[Data block]

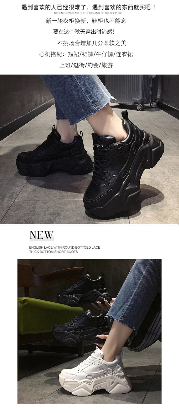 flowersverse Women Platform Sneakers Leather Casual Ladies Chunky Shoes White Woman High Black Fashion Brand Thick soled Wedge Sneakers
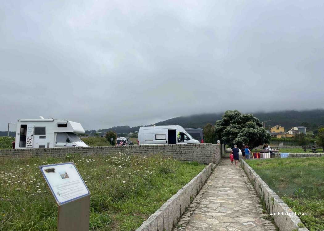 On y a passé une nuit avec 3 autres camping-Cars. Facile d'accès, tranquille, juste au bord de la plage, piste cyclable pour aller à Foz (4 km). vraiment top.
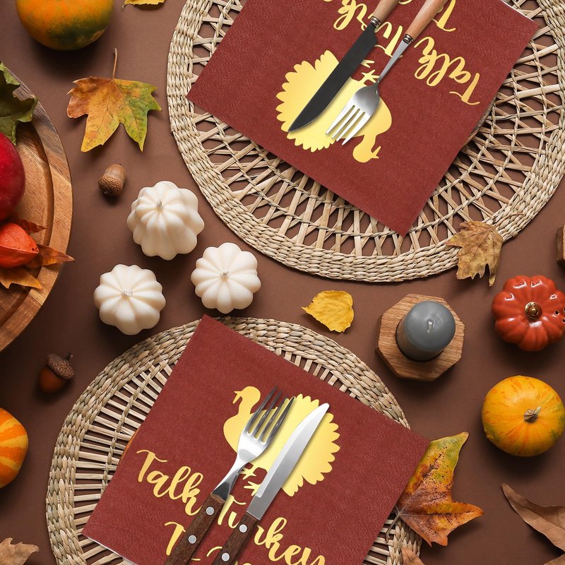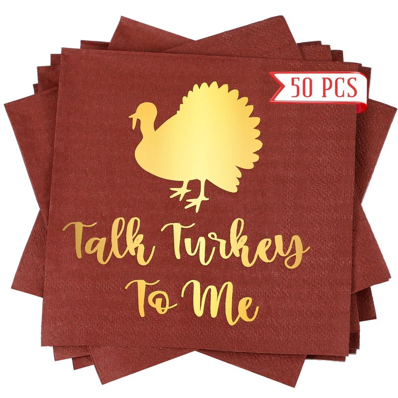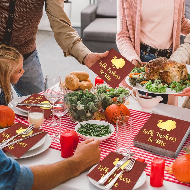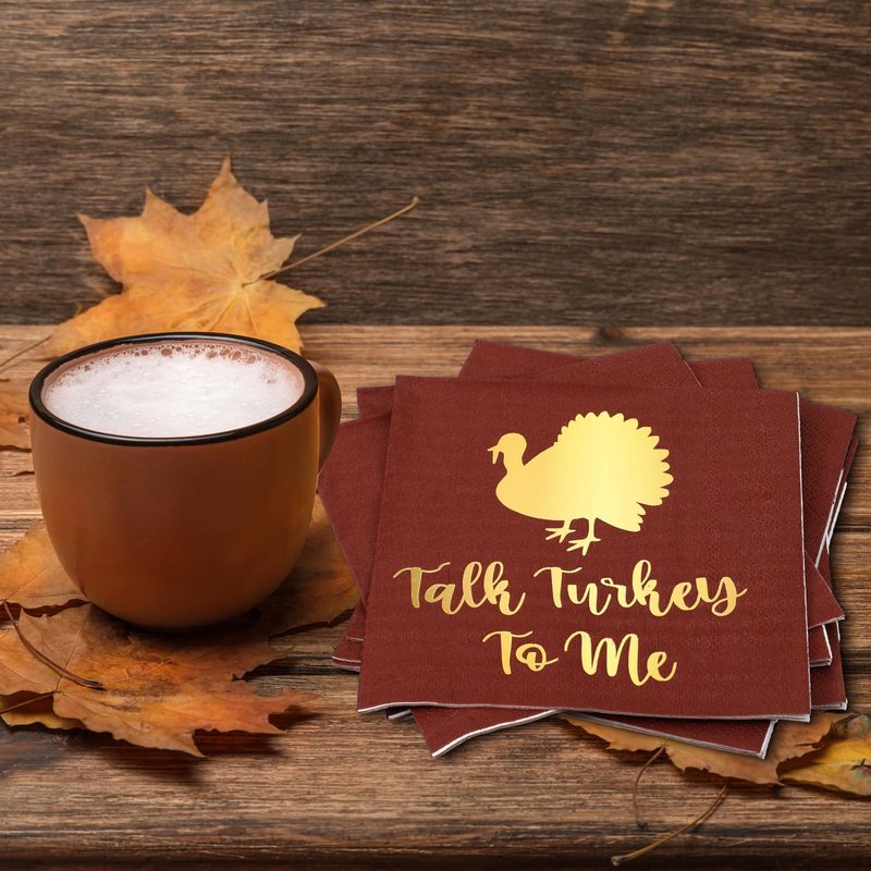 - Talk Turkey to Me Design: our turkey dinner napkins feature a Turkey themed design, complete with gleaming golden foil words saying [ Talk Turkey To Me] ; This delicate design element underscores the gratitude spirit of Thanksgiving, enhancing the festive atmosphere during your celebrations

[/Data block]

Exactly as written, restate the lines above from the opening line through the one holding "On y a passé", omitting the pictures.

 flowersverse Women Platform Sneakers Leather Casual Ladies Chunky Shoes White Woman High Black Fashion Brand Thick soled Wedge Sneakers
 On y a passé une nuit avec 3 autres camping-Cars. Facile d'accès, tranquille, juste au bord de la plage, piste cyclable pour aller à Foz (4 km). vraiment top.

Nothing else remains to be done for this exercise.